Aim of the task: Reproduce every record below exactly, with the pictures left out.

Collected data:
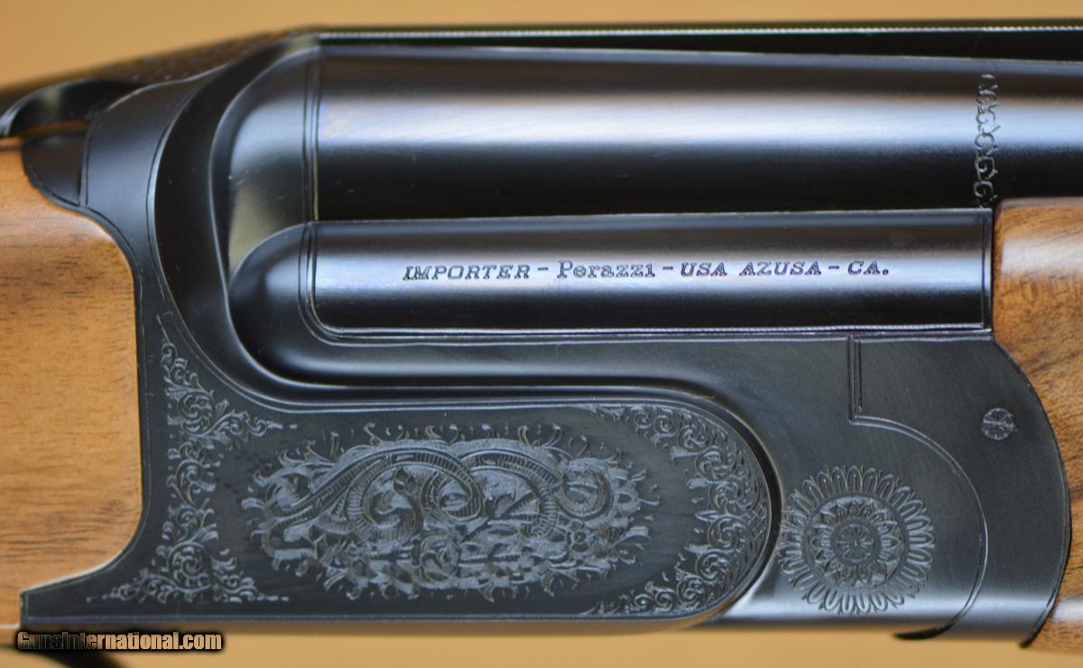 Description: New Perazzi High-Tech Sporting 12GA with 31 1/2" Factory Choke tubed barrels, featuring 7x10 reverse tapered rib. Factory blued action with "Lusso" Style engraving pattern, pierced top-lever, selective removable trigger group. Factory adj. comb pistol grip stock, beavertail style forearm. Includes factory case, chokes & tools refer to 465. SOLD |
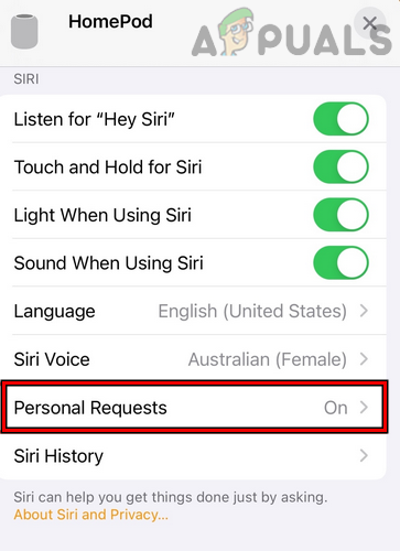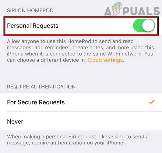 Open Personal Requests in the HomePod’s Settings - Then disable Personal Requests by toggling its switch to the off position and afterward, enable Personal Requests to check if that resolves the issue.
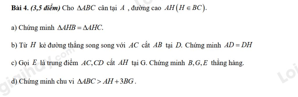 Bài 4. (3,5 điểm) Cho $\triangle$ABC cân tại A, đường cao AH(H$\in$BC).
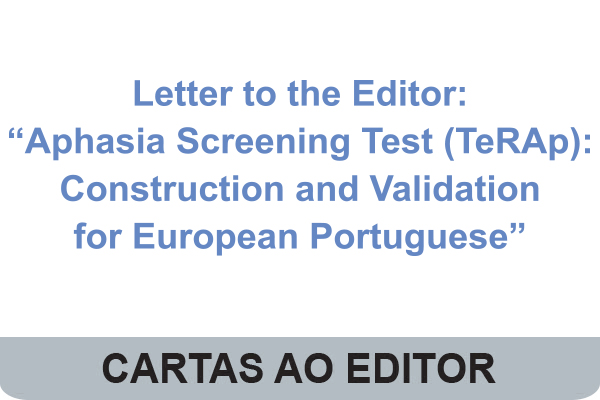 It was with particular interest that I read the article “Aphasia Screening Test (TeRAp): Construction and Validation for European Portuguese”.1 According t...
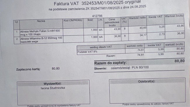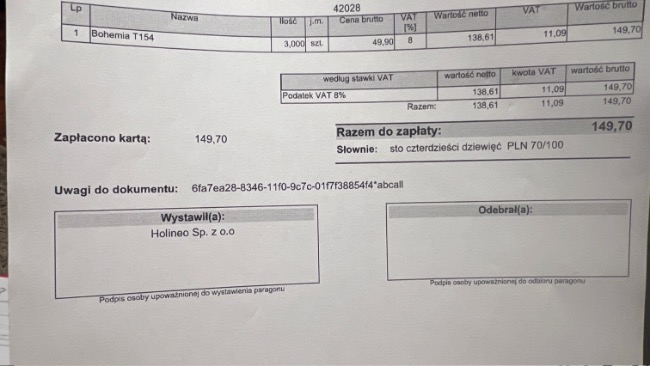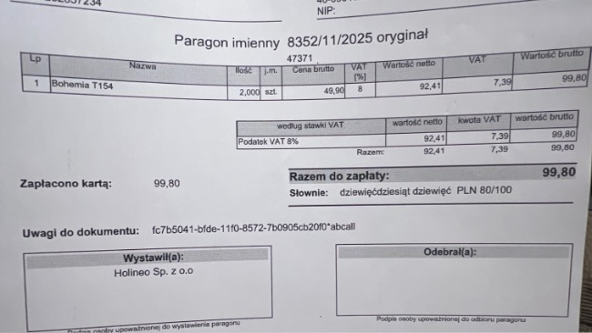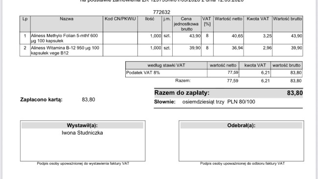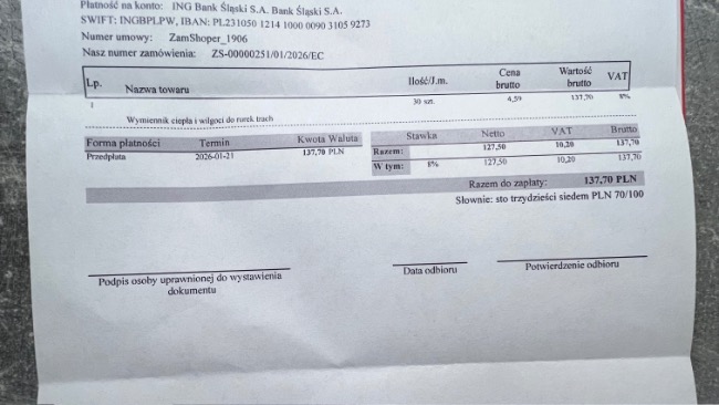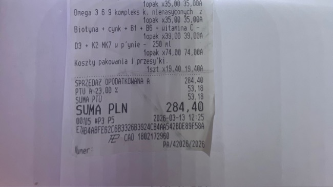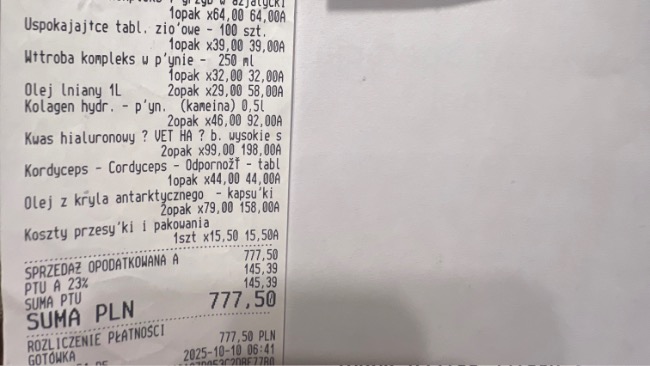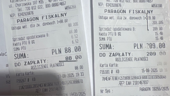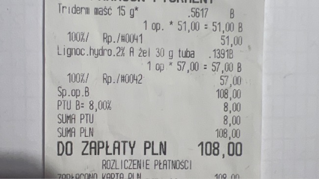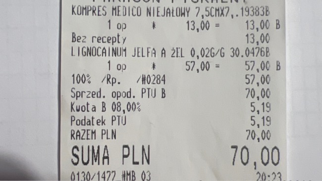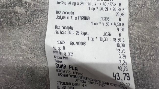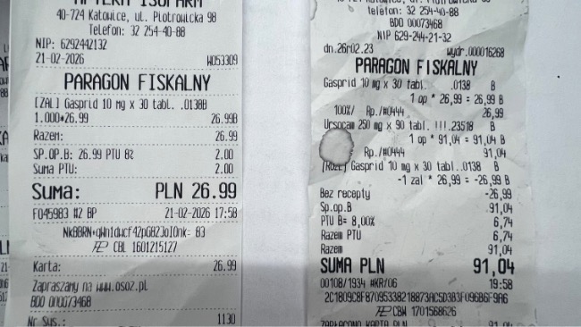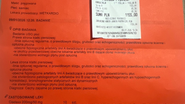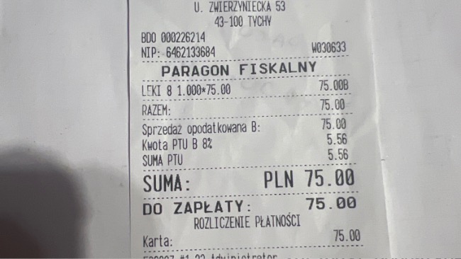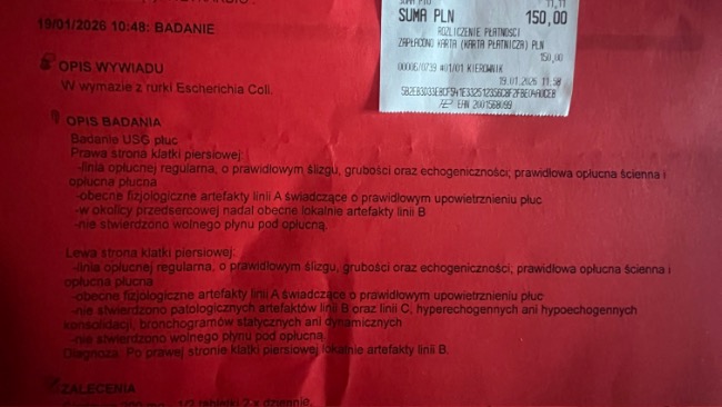 Dopiero po zakończeniu terapii został wystawiony paragon – koszt tych 10 sesji to 1000 zł.Do tego dochodzą koszty wizyt, badań USG oraz leków.

Exercise answer:
 Description: New Perazzi High-Tech Sporting 12GA with 31 1/2" Factory Choke tubed barrels, featuring 7x10 reverse tapered rib. Factory blued action with "Lusso" Style engraving pattern, pierced top-lever, selective removable trigger group. Factory adj. comb pistol grip stock, beavertail style forearm. Includes factory case, chokes & tools refer to 465. SOLD |
 Open Personal Requests in the HomePod’s Settings - Then disable Personal Requests by toggling its switch to the off position and afterward, enable Personal Requests to check if that resolves the issue.
 Bài 4. (3,5 điểm) Cho $\triangle$ABC cân tại A, đường cao AH(H$\in$BC).
 It was with particular interest that I read the article “Aphasia Screening Test (TeRAp): Construction and Validation for European Portuguese”.1 According t...
 Dopiero po zakończeniu terapii został wystawiony paragon – koszt tych 10 sesji to 1000 zł.Do tego dochodzą koszty wizyt, badań USG oraz leków.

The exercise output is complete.